Male black widows look for well-fed mates
July 7, 2011 by Deborah Braconnier
female black widow spider. Image: Wikipedia.
(PhysOrg.com) -- According to a new study published in Animal Behaviour, a male black widow spider is able to identify a female spider that has eaten well by simply taking a few steps on the web she spins. Finding a well-fed female seems to minimize their risk of being eaten after mating, a behavior that gave the spider its name.
James Chadwick Johnson from Arizona State University led the study and it is the first to reveal a spiders ability to sense chemical cues from another spiders spun silk.

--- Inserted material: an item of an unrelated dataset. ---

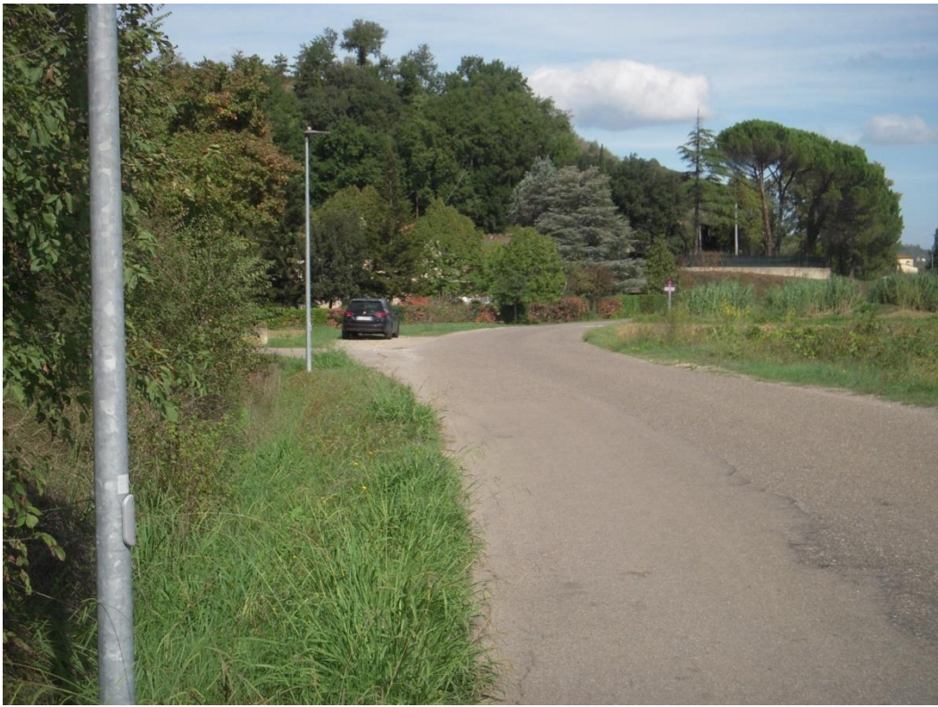
09-FOTO DI INSIEME LATO EST

The team of researchers began with the female spiders and broke them down into two groups. The first group was fed one cricket per week so they were very well-fed. The other females were on a crash diet and were not fed for several weeks. While this lack of food did not put their lives in danger, it did result in a decrease in size.
The test began by placing male spiders onto the webs of these differently fed spiders to see how they would react. They also placed male spiders on bundles of clean silk taken from the webs of the female spider. This second option was to insure whatever cues the spiders were receiving was from the web and not some other source. In the final placement, the researchers switched the well-fed female spiders to the webs of the starved spiders.

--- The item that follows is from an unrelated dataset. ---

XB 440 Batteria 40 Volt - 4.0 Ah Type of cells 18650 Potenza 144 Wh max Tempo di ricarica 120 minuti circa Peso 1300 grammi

The courtship process of the male black widow spider is a long process of walking, plucking and tapping on the web. What the researchers found was that the male spiders were much more active in their courtship when they were on the webs of the female spiders that had eaten a full diet of crickets.

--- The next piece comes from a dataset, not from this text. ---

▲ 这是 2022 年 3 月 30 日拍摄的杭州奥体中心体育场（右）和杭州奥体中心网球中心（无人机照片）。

The goal of this study is to better understand the behavior of the spiders. Researchers have found that the cannibalism rate among black widows seems to be higher in urban settings than the desert populations and are hoping to find reasoning behind this different behavior.
More information: Male black widows court well-fed females more than starved females: silken cues indicate sexual cannibalism risk, Animal Behaviour, Article in Press, doi:10.1016/j.anbehav.2011.05.018
Abstract
Male mate choice is predicted to evolve as male investment in mating increases. Thus, taxa in which males pay a high cost for mating offer researchers an ideal system to test traditional sex roles. Males courting potentially sexually cannibalistic females may be under strong selection to bias their courtship efforts away from hungry females that may be more likely to attack. Here we tested the prediction that web-based chemotactile cues of recent female foraging success influence male courtship in the black widow spider, Latrodectus hesperus. In addition, we tested the underlying assumption that previous female foraging success reduces precopulatory sexually cannibalistic attacks. We found that males courted well-fed females significantly more than they did starved females, and that this bias was maintained in the absence of the female when males encountered only (1) cues from female webs and (2) cues from female silk after web architecture had been eliminated. A nonsignificant courtship bias in favour of well-fed females was also evident when these females were transplanted to the webs of starved females. Male courtship biases in favour of well-fed females appear adaptive, as starved females were significantly more likely to attack males before mating. We conclude by noting that sexual cannibalism offers a model system wherein the exploitation of cues of predation risk have unique implications such as the effects on male courtship preferences seen here.